When Patsy Evenson, a K-Mart manager, came to the aid of a wheelchair-bound man, she got his blood and feces on her hands. He had HIV, and she had sores on her hands.

An emergency room physician told her by phone to get to the hospital as soon as possible for preventative treatment for possible exposure to HIV and hepatitis. She went.

K-mart paid her medical bills on a "diagnostic basis" but later denied her workers' comp claim. Evenson's test results so far had been negative, so the company argued that because she had not contracted a disease or suffered any mental or physical injury, there was no "compensable injury" under Oregon workers' comp law.

A state court ordered the company to pay up. It said the manager didn't need to show actual physical or mental harm, only that she required medical services. (K-Mart v. Evenson, 97-07020; CA A103326, Ore. Ct. of Ap., 2000)

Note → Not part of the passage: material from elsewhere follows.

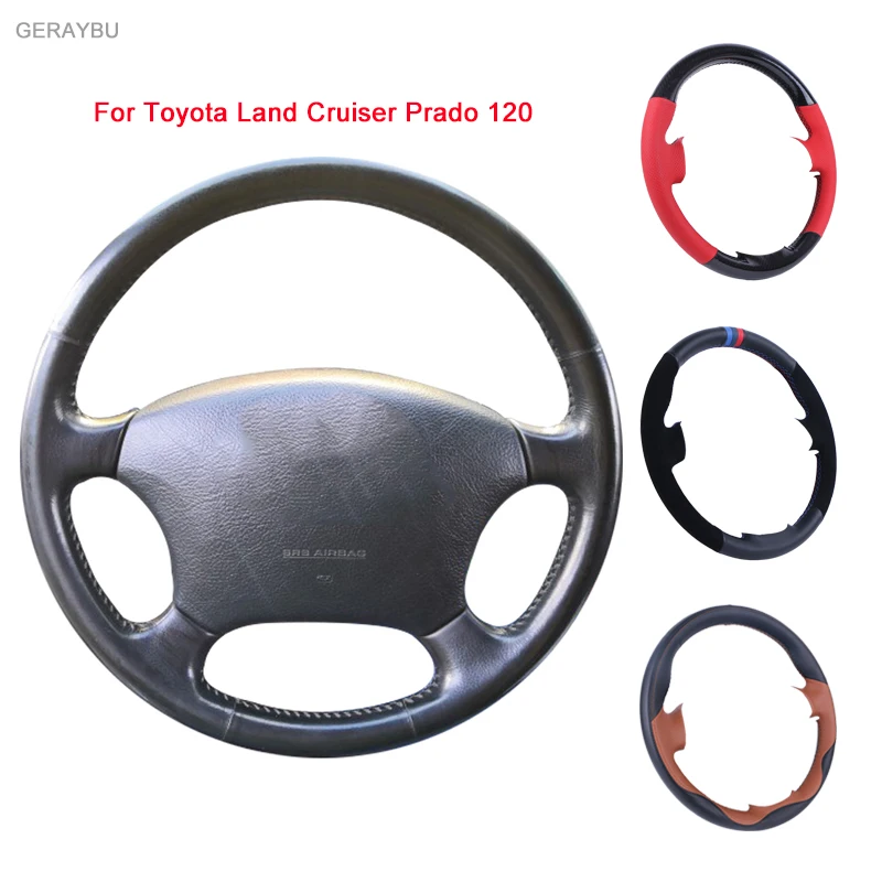 GERAYBU изготовленный на заказ DIY черный кожаный чехол рулевого колеса автомобиля ручной работы для Toyota Land Cruiser Prado 120 дышащий износостойкий

Advice: Employers like K-Mart are right to try to avoid expansion of "compensable injuries" to situations where an employee has only the threat of illness. But pick your battles. This was a unique and sympathetic situation and probably shouldn't have been challenged.

Equally important, the case reaffirms that employers must train their employees to handle situations where employee safety is at risk. Make sure your workers know what safety precautions to take, whether it's putting on protective gloves or calling for help from someone trained to handle such situations.